Combining the conventional PI current controller with the ANN reference calculation resulted in a reduction in the transient states. However, the average maximum ripple and current average THD decreased. To mitigate this periodic distortion, a separately trained ANN-based current controller, which learned the repeated incorrect output and transients of the ANN, was applied in Case 3.

4.3. Case 3 (ANN dq0 Reference Generation and ANN Current Controller)

In Case 3, both ANN-based reference calculations and current controllers were applied. The ANN-based current controller applied in Case 3 was trained to address the repetitive incorrect outputs of the ANN observed in Case 2, along with the transient and steady states, based on the PI current controller. Case 3 also applied the same load magnitude at the same time as in Cases 1 and 2 to compare the transient states at the same point in time. Figure 22 and Figure 23 represent the simulation results for Case 3, with a simulation setup identical to that of Case 2. The maximum ripple magnitude and THD for each current are listed in Table 9. Similar to the previous cases, for Point B, the ripple in the phase A current is negligible, and is thus not indicated separately.

The time required for the current reference calculation to reach a steady state, based on the ANN, was confirmed through simulations to be the same as that in Case 2. As shown in Table 8, when the ANN and PI current controllers were applied, the maximum ripple and THD of the current deteriorated significantly. However, with the improvement achieved by the ANN current controller, compared to Case 1, the maximum ripples of the grid at points A and B decreased by 3.05 times and 2.57 times, respectively. For the inverter currents, they decreased by 3.06 times and 2.23 times, respectively, at each point. Simulation results confirm that compared to Case 2, the THD of both the grid and inverter currents improved by 1.71 times and 2.05 times, respectively, approaching a performance level similar to that of Case 1 in terms of THD.

Table 10 summarizes the average values of the three cases and compares their overall performance. The simulation results indicate that Case 3, which applies the proposed method, is advantageous for distribution system applications.

5. Experimental Results

Figure 24 shows the experimental configuration used to verify the proposed ANN-based compensation method under unbalanced load conditions. The parameters of the three-phase the four-leg inverter and the three-phase unbalanced resistance load are listed in Table 6. In the experiment, the current compensation method was applied to a four-leg inverter in a distributed system under unbalanced load conditions using an ANN.

The experiments were conducted in three cases, similar to the method used in the simulations.
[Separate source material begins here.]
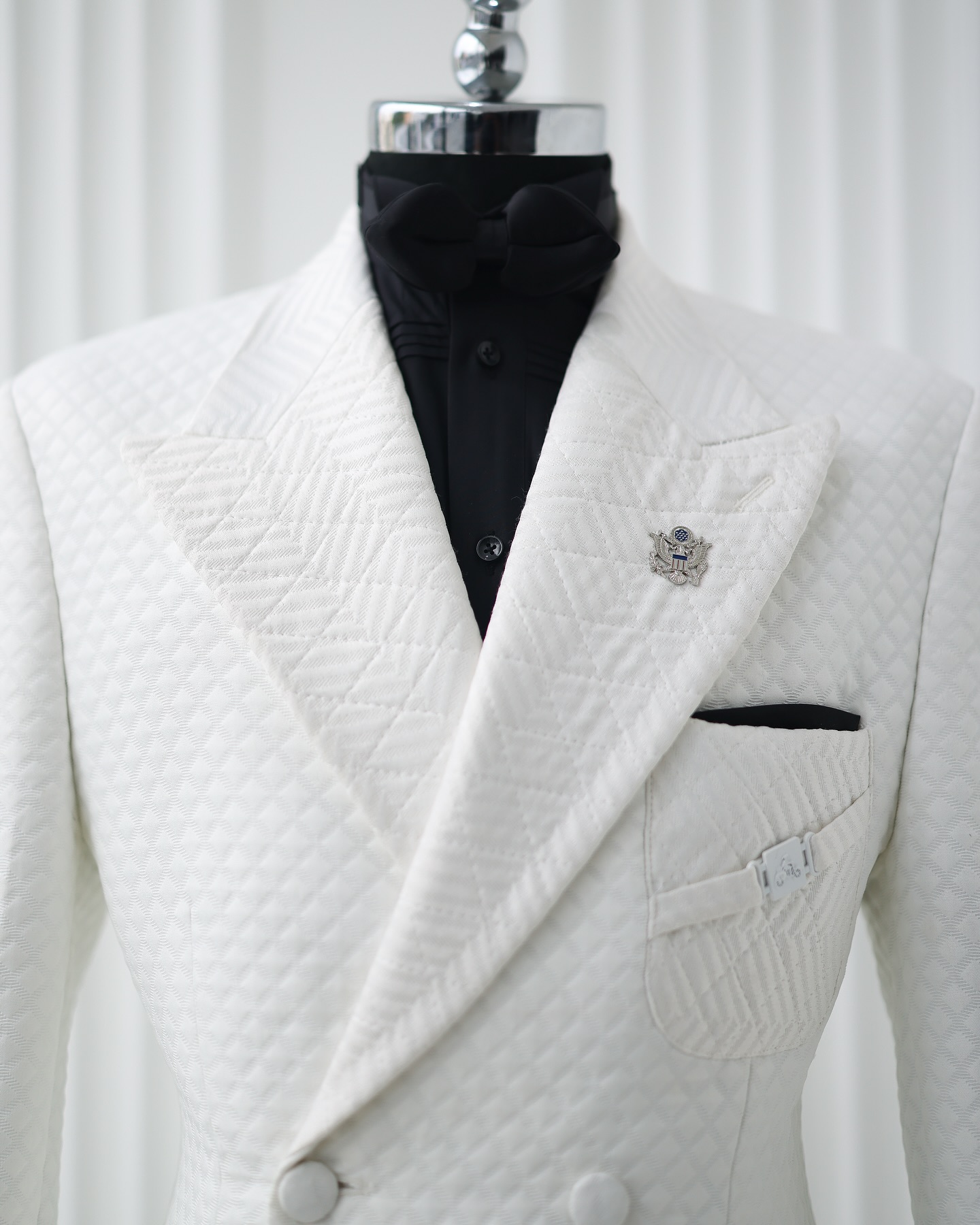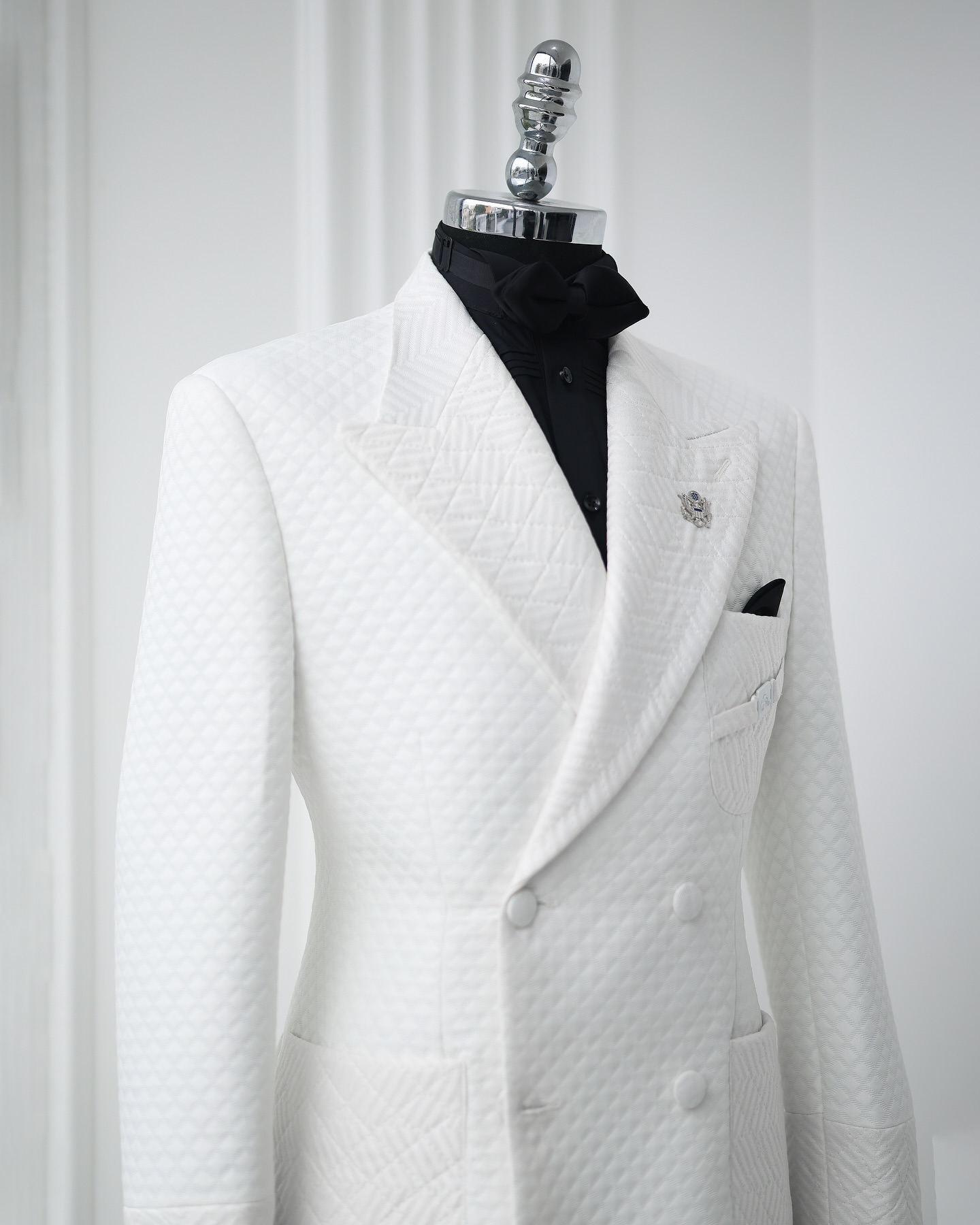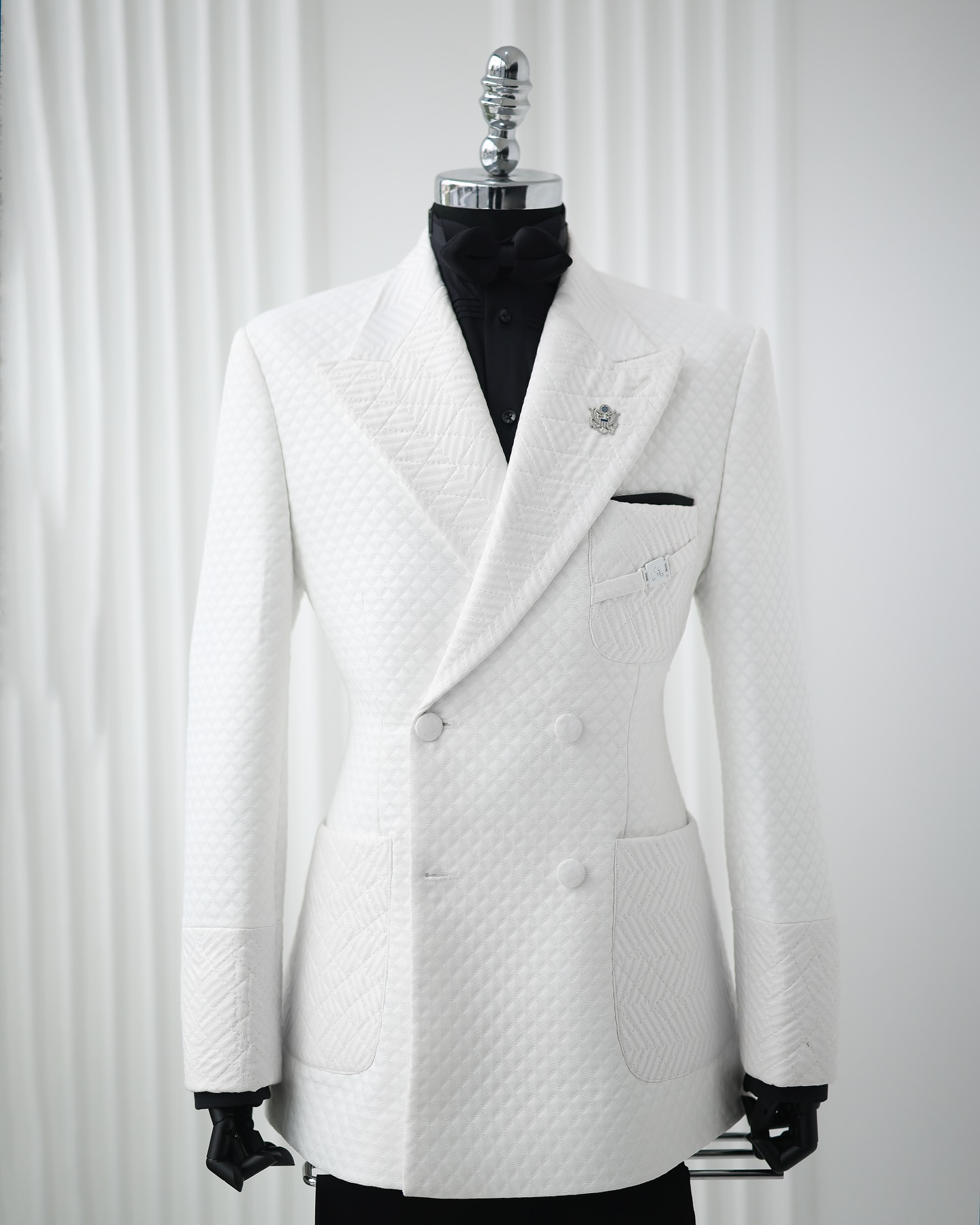 The HEA 4 vs 5 Suit is crafted from a Ivory square patterned jacquard body, contrasted with diamond-quilted velvet accents in Ivory White. This double-breasted jacket features wide velvet lapels, two large patch pockets, and a single chest welt pocket. Perfect for ceremonial events.
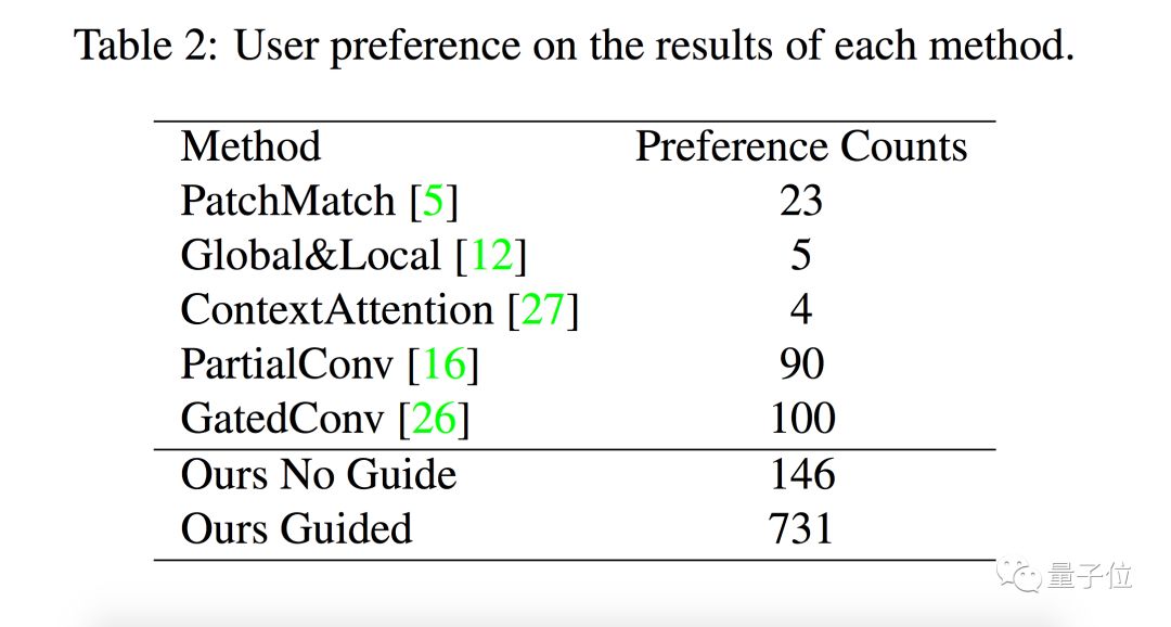 总共获得1099张选票,877票都投给了前景感知图像修复算法,得票率将近80%。

The AC voltage was maintained by the grid, while the DC voltage was controlled by the AC/DC converter connected in a back-to-back system linking to a delta-winding grid. The laboratory grid was in a delta-winding configuration, so three single-phase transformers were connected in a Y-Y configuration to perform the four-wire experiments. The experiments were conducted only on the no-load to loaded state sequence. Figure 25 depicts the voltage and current waveforms of the secondary side of the Y-Y transformer. Since the experiments were conducted in the laboratory, the grid was limited to the operation of the unbalanced experiments, and there is slight distortion in the voltage due to the presence of harmonics caused by the characteristics of the Y-Y transformer. The switching frequency of the four-leg inverter is 10 kHz, and the control period is 5 kHz, with experiments conducted accordingly.

5.1. Case 1 (LPF-Based dq0 Reference Generation and a PI Current Controller)

In the Case 1 experiment, the conventional method was applied. The unbalanced current reference was calculated based on LPF, and a PI current controller was applied. Additionally, the transition to the load state occurred at time $t_1$. Figure 26 and Figure 27, respectively, illustrate the grid current and converter current. Figure 28 represents the amount of unbalance in the dq0 axis using LPF. At time $t_s$, as shown in this figure, it reaches the average value, which takes approximately 81.1 ms. Figure 29 depicts the current reference in the dq0 axis generated by the calculation. Figure 30 and Figure 31 show an enlarged waveform of Figure 26 and Figure 27. The experimental results indicate that it requires more than several cycles to reach the overall steady state.

5.2. Case 2 (ANN dq0 Reference Generation and PI Current Controller)

In Case 2 of the experiment, an ANN was applied instead of an LPF for calculating the magnitude of unbalance. The unbalanced current reference was calculated based on the ANN, and a PI current controller was applied. Similar to Case 1, the transition to the load condition occurred at $t_1$. Figure 32 and Figure 33 represent the grid current and the converter current, respectively. Figure 34 illustrates the unbalance in the dq0 axis using an ANN. At $t_s$, it reaches the average value, taking approximately 6.7 ms. Figure 35 depicts the current reference on the dq0 axis calculated by the ANN. Figure 36 and Figure 37 show the zoomed-in waveforms of Figure 32 and Figure 33, respectively. Overall, the experimental results show the achievement of a steady state within one cycle. Additionally, it can be observed that the peak portion of the current exhibits more distortion compared to that noted when the conventional method was applied. However, unlike in the simulations, it appears challenging to quantitatively compare the size of the current ripples due to the inability to transition to the load condition at the same point.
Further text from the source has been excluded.